Fairly obviously the better teams create more of the latter and allow fewer of the former, but there are also a couple of noticeable quirks, such as Arsenal's lack of speculative, low expectation attempts.

There's also the well known trade off between creating fewer big chances and spreading your expected goals across many more lower expectation attempts. Balancing the increased chances of scoring at least once against the smaller likelihood of a goal glut.

I've fitted a trend line to try to make the plots easier on the eye.

Attempts made are in blue and those allowed in orange. Teams with strong underlying figures therefore will have blue above orange (See Spurs) and poor teams the reverse (see Aston Villa).

Teams which had the latter, but finished in the top ten probably had a very good keeper (see Stoke).

Saturday 21 May 2016

Home Field Advantage, Down, But Still Not Out.

Home advantage, along with Sunderland, rebounded from a disappointingly lacklustre first half of the Premier League season to finish the 2015/16 campaign close to their traditional benchmark figure.

After 170 matches, home teams were winning only a few more times than away teams. 

Long term trends have been downward, but it was a bold claim made by some, to declare home field advantage a thing of the past after such a relatively small number of matches.

Unequal match-ups and significant, but rare events, such as red cards may have contributed to producing a subset of games that tended towards a more equitable share of home and away wins, but the noisy nature of a low scoring sport is always likely to push outcomes temporarily in one direction or another.

We now have an entire season’s worth of shot data, through which we can examine the process of chance creation, rather than the single outcome iteration that briefly led to the exaggerated obituary for HFA after 170 matches.

59% of home teams were favoured to win in the first 170 matches based on an expected goals rating of each team, but this increased to over 61% in the remaining 210 games. 

So scheduling played a small part in pressing home wins downwards up until Christmas. 

But random variation is always going to be a prime contender as the “cause” of bogus “sea changes” in league-wide traits. 

You may measure home field advantage in a variety of ways (and chose the one which best illustrates your particular agenda). For example, home win%, goal difference between home and away teams, points per game, success rate and so on.

Success rate, (wins + half draws)/games played, has the handy attribute of totalling one for home and away teams. 

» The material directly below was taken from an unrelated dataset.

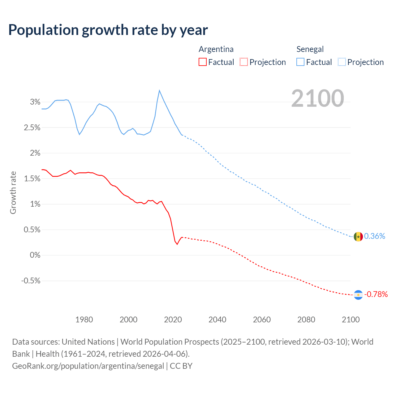 Argentina vs Senegal: population by year and forecast

A success rate of less than 0.5 for home teams immediately tells you that away teams have been more successful over that period of games.

The plot above shows the range of success rates gained by home teams in the first 170 matches of 2015/16, based on their chance creation during each match over 10,000 simulations. 

The actual success rate in late December 2015/16 fell in the bin 0.0495-0.51. 

Based on expected goals, the relative parity experienced by home teams over just 170 games wasn’t that unexpected. Home sides have also experienced similar runs of results in seasons where home teams were still deemed dominant.

However, with more usual levels of “luck” home teams could have seen their first third of the season reap success rates of around 0.53 or 0.54.

There’s even around a one in 10 chance they could have hit 0.555 or above and sent “home field strikes back” narratives into overdrive.

We may also simulate the entire season from the perspective of the success rate of home teams, mindful of the 210 additional games that were likely to feature proportionally more numerous dominant home team match-ups.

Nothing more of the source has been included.